The House Judiciary Committee has focused much of its questioning on two collaborative projects. One was the Election Integrity Association, which Stanford and the University of Washington formed ahead of the 2020 election to identify attempts to “suppress voting, reduce turnout, mislead voters, or delegitimize election results without evidence.” The other, also organized by Stanford, was called the Virality Project and focused on the spread of misinformation about covid-19 vaccines.
Both issues have become political lightning rods, exposing researchers to online partisan attacks that have sometimes turned ominously personal.
In the case of the Stanford Internet Observatory, requests for information, including all emails, have even extended to students who volunteered to intern for the Electoral Integrity Association.
A central premise of the committee’s investigation, and of the other complaints about censorship, is that investigators or government officials had the power or ability to shut down social media accounts. They didn’t, according to former employees of Twitter and Meta, which owns Facebook and Instagram, who said the decision to punish users who violated the platform’s rules rested solely with the companies.
No evidence has emerged that government officials forced the companies to take action against the accounts, even as the groups flagged problematic content.
“Not only do we have academic freedom as researchers to do this research, but we also have free speech to tell Twitter or any other company looking at tweets that we might think violate the rules,” Hancock said.

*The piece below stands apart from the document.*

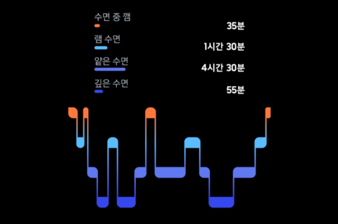 ‘갤럭시 워치6’는 수면 관리 기능이 개선되었습니다. 사용자는 수면 점수를 상단에 배치하여 직관적으로 볼 수 있으며, 매일 아침 자신의 수면 상태를 종합적으로 이해할 수 있습니다. 수면 점수는 총 수면 시간, 수면 주기, 깨어 있는 시간, 신체 및 정신 회복 등 5가지 요인을 각 항목별로 심층 분석하여 종합적으로 제공됩니다. 또한, 갤럭시 워치6에서는 갤럭시 스마트폰에서 제공되던 맞춤형 수면 코칭 프로그램이 손목에서도 사용할 수 있습니다. 사용자가 미리 설정한 수면모드 실행 시, 워치는 수면에 방해되지 않도록 디스플레이 밝기를 자동으로 낮추고, 하단 센서의 LED 녹색 불빛을 눈에 보이지 않는 적외선으로 전환합니다.

Universities and research organizations have tried to comply with the committee’s requests, though collecting years of emails has been a task complicated by privacy concerns. They face rising legal costs and questions from directors and donors about the risks posed by studying disinformation. Online attacks have also affected morale and, in some cases, driven students away.
In May, Mr. Jordan, the chair of the committee, threatened Stanford with unspecified legal action for failing to comply with a previously issued subpoena, even though the university’s lawyers have been negotiating with the committee’s lawyers about how to protect the student privacy. (Several of the students who volunteered are identified in the America First Legal complaint.)

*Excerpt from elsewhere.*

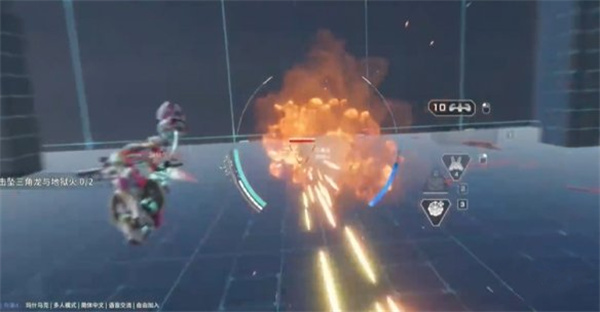 他吃了三个挡板之后会开始跑,此时追着他跑,停在他头上,最好锁定三角龙,从上面进行输出。
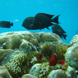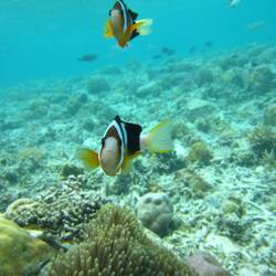Mit Ausblick auf kleine einsame Inselchen, die an uns vorbeizogen, ließen wir uns den Wind um die Nase wehen. Am ersten Tag wurden 2 Divespots im zentralen Teil des Nationalparks angefahren, wo ein Flying Gurnard (fliegender Knurrhahn :D ), ein Krokodil-Fisch, Drachenköpfe und eine weißgepunktete Moräne unseren Weg unter Wasser schmückte. Bei einem Blick nach oben zur Riffkante fiel mir der kleine Navy-Seal auf, der in seinem Schwimmshirt und schwarzer Leggins an der Wasserfläche schnorchelte. Mit 20m Höhenunterschied wunken Jule und ich uns zu und ich knippste ein paar Fotos, wie sie von ihrem Schnorchelguide mit Schwimmring begleitet wurde - da Jule die einzige Nicht-Taucherin an Board war, wurde ihr von unserem schwedischen Guide Matthias der Name "Mrs. Snorkeling" (kurze Übersetzung für unsere Omis: "Frau Schnorchlerin") verpasst. Und Mrs. Snorkeling durfte natürlich nie ohne Begleitung ins Wasser, um nicht aus Versehen mit der Strömung davon getrieben zu werden. Obwohl das eigentlich eher das größere Problem für ihre Schnorchel-Guides darstellte, die intelligenter Weise ohne Flossen, dafür aber mit ihrem Schwimmring ins Wasser sprangen. :D

The committee declined to discuss details of the investigation, including the number of requests or subpoenas it has filed in total. He has also not disclosed how he expects the investigation to unfold, whether he would prepare a final report or make criminal referrals, and if so, when. In his statements, however, he seems to have already reached a broad conclusion.
“Twitter archives and private litigation information show how the federal government worked with social media companies and other entities to silence unfavorable speech online,” a spokesman, Russell Dye, said in a statement. “The committee is working hard to get to the bottom of this blackout to protect First Amendment rights for all Americans.”

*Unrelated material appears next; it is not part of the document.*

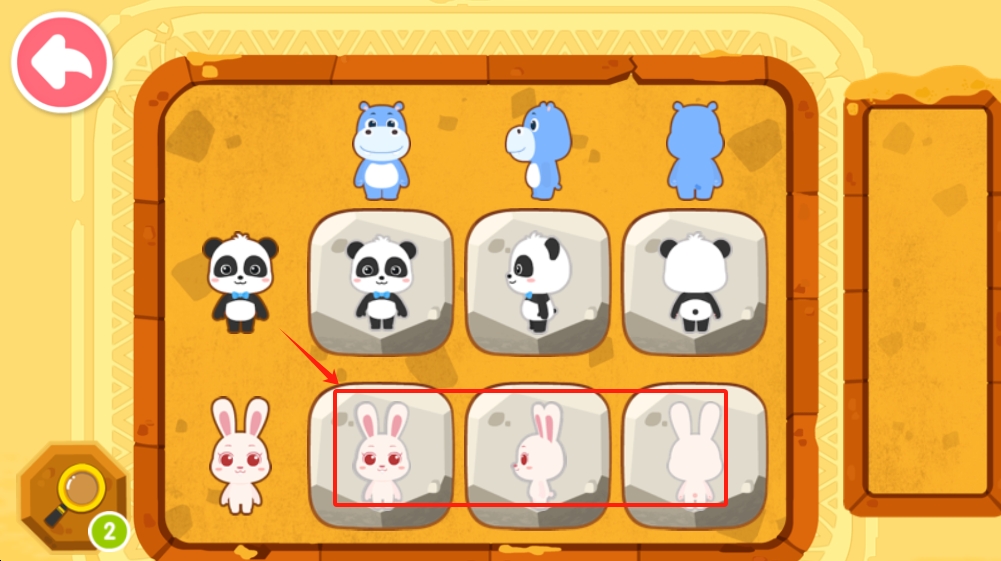 3、在拼图界面,点击下方缺失位置中的兔子图案,完成拼图挑战。

The partisan controversy is affecting not only researchers but also the social media giants.
Twitter, under Musk’s leadership, has worked to lift the restrictions and restore accounts that had been suspended, including that of the Gateway Pundit. Youtube recently announced that it would no longer ban videos that featured “false claims that widespread fraud, errors, or glitches occurred in the 2020 and past US presidential elections.”